If you’ve already read our 3-Day ‘Best of’ Kyoto, Japan Itinerary, you’re familiar with 75% of this itinerary. We only make minor tweaks to the first 3 days of this Kyoto touring plan, and tack on a final day that is meant to offer some different and fresh experiences that will eliminate some of that ‘temple fatigue.’

Although Kyoto renowned for its temples and shrines, many of which are UNESCO World Heritage sites and the absolute best of their kind in Japan, temple fatigue is very much a real thing. As such, this 4-day Kyoto itinerary offers you over two dozen of the city’s best temples and shrines for the most zealous of you to see, while also mentions several that you can safely skip so you don’t get worn out. This also provides you an opportunity to ‘choose your own adventure’, exploring and discovering Kyoto’s beauty on your own terms within the structure of our itinerary.

As these itineraries are going to start becoming more redundant for those who have read our shorter ones (which form the building blocks for this), we’re going to condense more. For thorough descriptions of each individual point of interest, click the “read and see more” links that follow almost every stop. Each of those posts also offers numerous photos, and those tell a lot of the story themselves.

If you have more than 4 days in Kyoto–we’d highly recommend at least 5 days–you can consult our 1-Day Southwestern Kyoto Itinerary or our 1-Day Nara, Japan Highlights Itinerary for recommendations at to how you should spend days 5 and 6. If you have 7 or 8 days in the Kansai region, consider breaking things up with day trips to Osaka or Kobe in the middle.

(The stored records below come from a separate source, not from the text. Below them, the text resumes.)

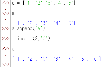 리스트 추가 삽입 append() 리스트 마지막에 요소 새로 추가 , insert() 해당 위치에 요소 삽입
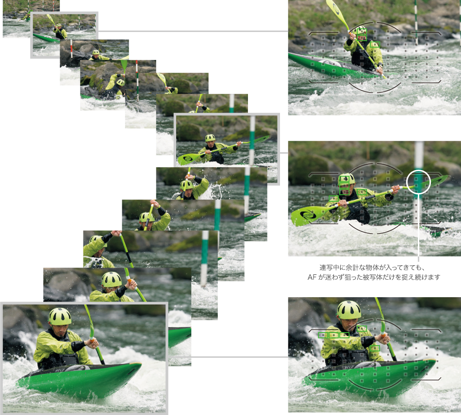 新しいAFアルゴリズムを採用したα77IIは、79点のAF測距情報に加え、被写体位置の連続性も加味した位置情報を組み合わせることで、被写体の次の動きを予測して狙いのポイントに正確に合焦。障害物にひかれにくい安定した被写体追随性と高い応答性を備えた捕捉性能で、狙った被写体を的確に捉え続けます。
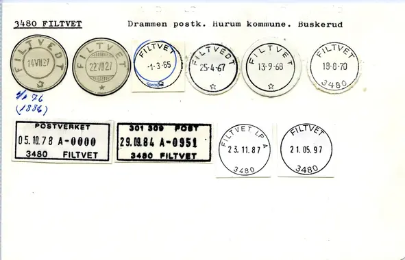 FILTVEDT poståpneri, i Filtvedtstrand, Hurum prestegjeld, Buskerud fogderi, under Drammen postktr., ble opprettet ved Kgl.res. 11.12.1875 med virksomhet fra 1.1.1876, og med ukentlig bipostrute til Hvidtsten poståpneri. Sirk. 29, 22.12.1875.
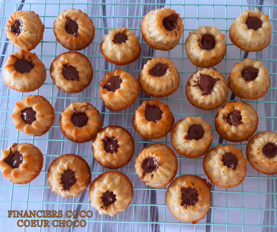 Des financiers à l’amande c’est bon 😋… mais à la noix de coco, et en plus avec un cœur chocolat, c’est encore meilleur (enfin pour moi 😁) ! Des petites gourmandises addictives faciles et rapides à réaliser !

With that said, let’s dive into our step-by-step, day-by-day stay in Kyoto…

Day 1

Kiyomizudera Temple – This temple opens at 6 a.m., and you’ll want to arrive as close to then–by 8 a.m. at the latest–to beat the crowds. Arriving earlier ensures you beat the tour groups and are also done in time to stroll through the Higashiyama District before that fills with people.

This UNESCO World Heritage Site has excellent variety: an iconic main hall, pagoda, shrine, famed waterfall, great views into downtown Kyoto, and stunning (seasonal) cherry & maple trees. Plus, it’s all beautifully-situated on a mountainside, making for an incredibly photogenic temple. Click here to read and see more in our full post about Kiyomizudera Temple

Higashiyama District – Start by taking a slight detour down Yasaka-dori to photograph the iconic view of Hokanji Temple (Yasaka Pagoda) from above. While in the area, grab coffee from %ARABICA (if the line isn’t too long) to get fully caffeinated.

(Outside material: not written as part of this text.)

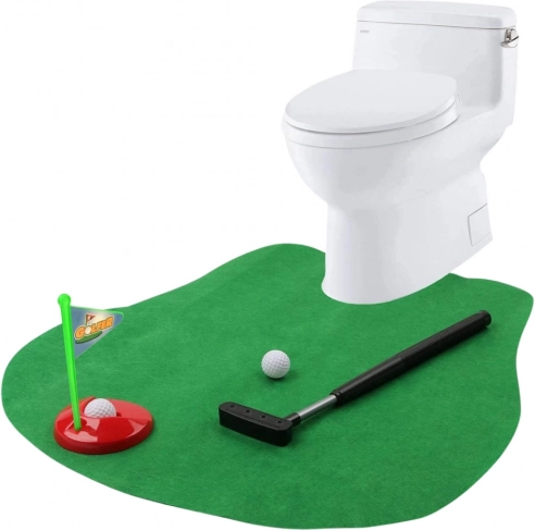Toaletni golf set spremeni vsak obisk stranišča v kratko sprostitev in trening natančne roke. Podloga realistično spominja na green, sestavljanje vzame le nekaj sekund, po igri pa jo preprosto zvijete in pospravite. Odlična ideja za rojstne dni, božič ali kot šaljivo darilo.

Continue by walking back down the empty streets of Higashiyama District. It’s rare to have this area devoid of people, so embrace it. Stop for photos along Kiyomizu-zaka, Sannen-zaka, and Ninen-zaka. Click here to read and see more in our full post about Higashiyama District

Kodaiji Temple – Your walk should end by walking down Ninen-zaka, a winding pedestrian-only lane. This will lead you directly to Kodaiji Temple.

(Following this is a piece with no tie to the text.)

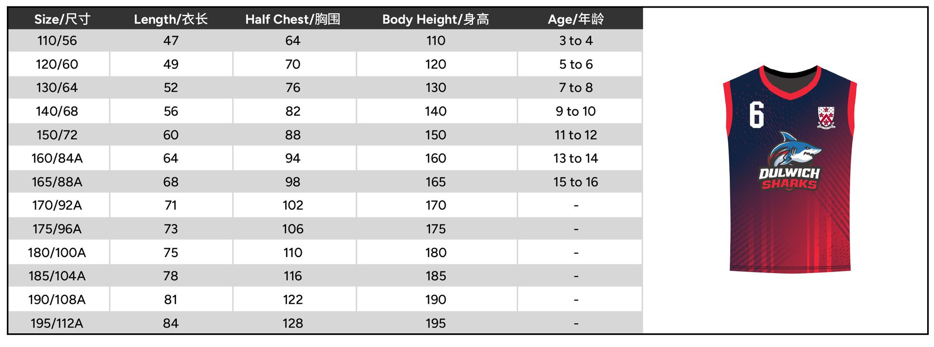 | Size | 110 or 120 or 130 or 140 or 150 or 160 or 165 or 170 or 175 or 180 or 185 or 190 or 195 |

Known for its quirky and envelope-pushing architecture, nice landscaping, and small bamboo forest, Kodaiji Temple is unique and highly recommended. Click here to read and see more in our full post about Kodaiji Temple

Kennin-ji Temple – Next, you’ll walk to the unofficial southern boundary of the Gion district. Kenninji is an underrated temple–but a must-do in large part due to “The Wind and Thunder Gods” on display.

It’s a large temple with a maze of covered walkways, gardens, and dozens of buildings. The gardens here are often overlooked, so be sure to pause and appreciate them. Click here to read and see more in our full post about Kenninji Temple

Lunch – Many of the best restaurants in Gion don’t open for lunch, meaning you might be stop at a couple of bakeries instead for desert. Our favorites include Patisserie Gion Sakai, Gion Tokuya, or Gion Kinana.

For a substantive meal, there are also a handful of ramen shops and more in Gion. Alternatively, Fresco Gion is a great grocery store with prepared meals in their deli case. Click here to read and see more in our full post about Gion.

Maruyama Park – Following lunch or a snack break in Gion, it’s an easy walk to Maruyama Park. This large public park is popular among locals, and a great spot to decompress. The centerpiece of the park is a giant weeping cherry tree, which is the city’s show-stopper during sakura season.

Maruyama Park is also good for a picnic, so if you opted to stop at Fresco Gion as recommended above, bring your meal here and enjoy it in a lovely setting.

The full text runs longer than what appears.